Сначала сел с краю, плотно сжимая ноги, затем лег поперек матраса, ладонями прикрывая пах. Лицо у Димочки было бледное и из-за этой нервозности казалось тоньше обычного, ноздри то и дело вздрагивали на вдохе. Он упорно смотрел в потолок широко распахнутыми глазами и время от времени облизывал сухие губы кончиком языка. Из-за этого у Стожарова вело голову. С долгим выдохом он присел рядом и ладонью коснулся плоского живота. Под пальцами по коже пробежала волна мелкой дрожи, мышцы напряглись. Димочка резко выдохнул. Грудь его поднималась и опадала рывками, отчего четче выделялись ребра. Говорят, чужой страх возбуждает. Воистину так.
Игнатьева пришлось напоить. Молча подливая в бокал, заставить выпить полбутылки коньяка. Выпил и сам. Стало легче. Стало проще выплеснуть злобу, навязать свою волю, игнорировать дергания. Долгий стон боли потонул в гулких ударах собственного сердца. Он перевернул Димочку на живот, прижал его запястья к матрасу и провалился в надсадный тяжелый ритм, рваное дыхание и тягучее удовольствие. Перед глазами была макушка Игнатьева, влажная шея с родимым пятнышком у кромки волос. Он пах чистотой и шампунем Стожарова, еще чем-то неопределенным, свежим и возбуждающим больше прежнего. Артур уткнулся лицом ему в волосы, провел носом вдоль шеи, часто вдыхая запах, жадно укусил.
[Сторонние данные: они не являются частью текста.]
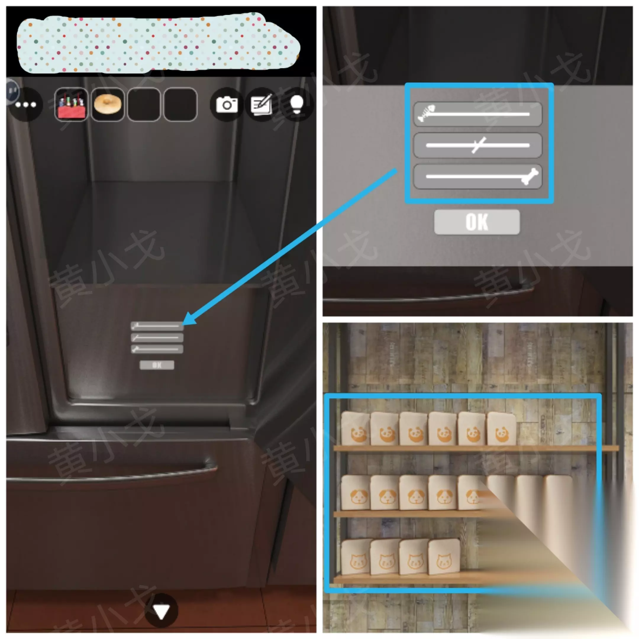 3.点击冰箱里的密码箱,根据上面的图案提示,结合[木门]场景架子上的吐司图案及数量线索,调整密码锁 熊猫图案吐司-6、小狗图案吐司-8、猫图案吐司-4 解谜思路:①确定位置:猫吃鱼、熊猫吃竹子、狗吃骨头 ②数量最少是左边,数量最多在右边,不多不少在中间

Ом помнил все до мелочей. Он помнил даже вкус крови Димочки — казалось, тот был другим. Гуще, слаже, терпче. Чушь. Стожаров прекрасно понимал, что обманывает сам себя. Лучше было только в его голове, в его тщетных надеждах, неизбывных вопреки здравому смыслу обломавшихся ожиданий. В его картине мира и планах на жизнь не было места теплым чувствам, любви, привязанности. Не было места зависимости. Ему не нужен был этот сентиментальный мусор. И проматывая раз за разом их с Игнатьевым отношения, хронически замершие в пункте А, Артур тщетно силился найти точку невозврата, после которой сладкое чувство власти и контроля над ситуацией обернулось горчащим желанием ответа на поцелуи. Даже малейшего движения губ было бы достаточно! Чтобы не делать гаже самому себе, он прекратил целовать Димочку в губы еще в апреле. Прижав кончики пальцев к векам, Стожаров крепко зажмурился, тряхнул головой, решительно отбрасывая прочь упаднические настроения, и двинулся на кухню.
Здесь все было залито ярким солнечным светом: пол, стол, стулья, холодильник безжалостно слепил своей белизной. После полумрака спальни глазам стало больно. Быстрым шагом подойдя к окну, Артур закрыл жалюзи. Сунул в приемник кофе-машины капсулу, ткнул кнопку. Мысли упорно возвращались к лежащему в спальне Димочке. Он знал, что тот уже не спит, но не спешит вставать, не желая пересекаться с «тираном» в ванной, на кухне, где-либо еще. Но рано или поздно встать придется, как ни крути. Сегодня они совершают последний перед поездкой рейд по магазинам.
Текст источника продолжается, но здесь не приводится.